The Dataset class is the central data structure that represents a collection of examples:

from llamadatasets import Dataset

# Create a dataset from a list of dictionaries
data = [
    {"text": "This is an example", "label": "positive"},
    {"text": "Another example", "label": "negative"},
    # ...
]

dataset = Dataset(data)

# Access data
print(dataset[0])  # {'text': 'This is an example', 'label': 'positive'}

# Filter data
positive_examples = dataset.filter(lambda example: example["label"] == "positive")

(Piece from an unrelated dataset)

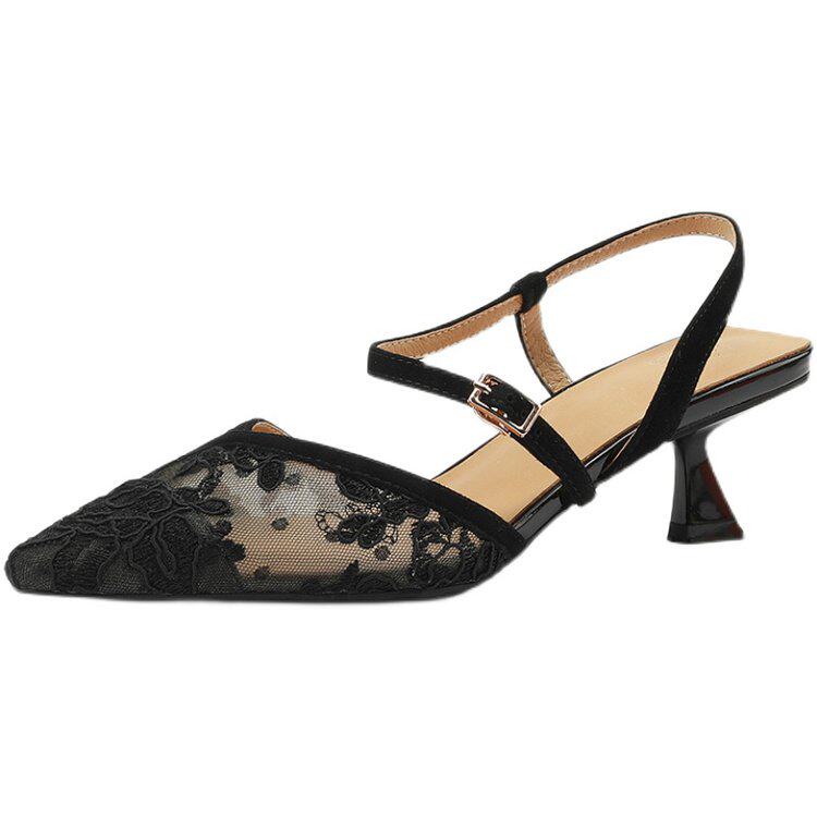 Летние черные босоножки, сетчатые туфли на высоком каблуке с ремешком, французский стиль, 2024 года, подходят к юбкам

# Map a function to each example
processed = dataset.map(lambda example: {
    "text": example["text"].lower(),
    "label": example["label"]
})

DataLoaders

DataLoaders provide methods to load data from various sources:

from llamadatasets import DataLoader

# Load from CSV
csv_loader = DataLoader.from_csv("data.csv")
csv_dataset = csv_loader.load()

# Load from JSON
json_loader = DataLoader.from_json("data.json")
json_dataset = json_loader.load()

# Load from Parquet
parquet_loader = DataLoader.from_parquet("data.parquet")
parquet_dataset = parquet_loader.load()

# Load from a database
db_loader = DataLoader.from_database(
    connection_string="postgresql://user:pass@localhost:5432/db",
    query="SELECT * FROM data_table"
)
db_dataset = db_loader.load()

Transformers

Transformers process and modify datasets:

from llamadatasets.transformers import (
    TextNormalizer, Tokenizer, OneHotEncoder, StandardScaler
)

# Configure transformers
normalizer = TextNormalizer(lowercase=True, remove_punctuation=True)
tokenizer = Tokenizer(max_length=100)
encoder = OneHotEncoder(columns=["category"])
scaler = StandardScaler(columns=["numeric_feature"])

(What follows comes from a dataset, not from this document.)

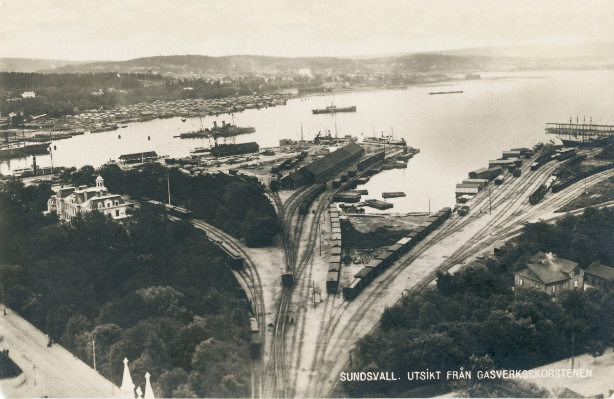 Vy över Sundsvallsfjärden, med på bilden bland annat gamla Järnvägsstationen, Järnvägsparken och Stadsmon. Text på vykort "Sundsvall. Utsikt från Gasverksskorstenen".

# Apply transformers in sequence
transformed_dataset = dataset.transform([
    normalizer,
    tokenizer,
    encoder,
    scaler
])

Splitters

Splitters divide datasets into training, validation, and test sets:

from llamadatasets.splitters import (
    RandomSplitter, StratifiedSplitter, TimeSeriesSplitter
)

# Random splitting
random_splitter = RandomSplitter(train_ratio=0.8, val_ratio=0.1, test_ratio=0.1, seed=42)
train_data, val_data, test_data = random_splitter.split(dataset)

# Stratified splitting (preserves label distribution)
stratified_splitter = StratifiedSplitter(
    train_ratio=0.8, val_ratio=0.1, test_ratio=0.1,
    stratify_column="label", seed=42
)
train_data, val_data, test_data = stratified_splitter.split(dataset)

# Time series splitting
timeseries_splitter = TimeSeriesSplitter(
    train_ratio=0.8, val_ratio=0.1, test_ratio=0.1,
    time_column="date"
)
train_data, val_data, test_data = timeseries_splitter.split(dataset)

Synthetic Data Generators

Generate synthetic data for testing and development:

from llamadatasets.generators import (
    TextGenerator, TabularDataGenerator, TimeSeriesGenerator
)

# Generate synthetic text data
text_generator = TextGenerator(num_examples=100, length_range=(10, 50))
text_dataset = text_generator.generate()

# Generate synthetic tabular data
schema = {
    "age": {"type": "int", "range": (18, 90)},
    "income": {"type": "float", "range": (20000, 150000)},
    "category": {"type": "category", "values": ["A", "B", "C"]}
}
tabular_generator = TabularDataGenerator(schema=schema, num_examples=200)
tabular_dataset = tabular_generator.generate()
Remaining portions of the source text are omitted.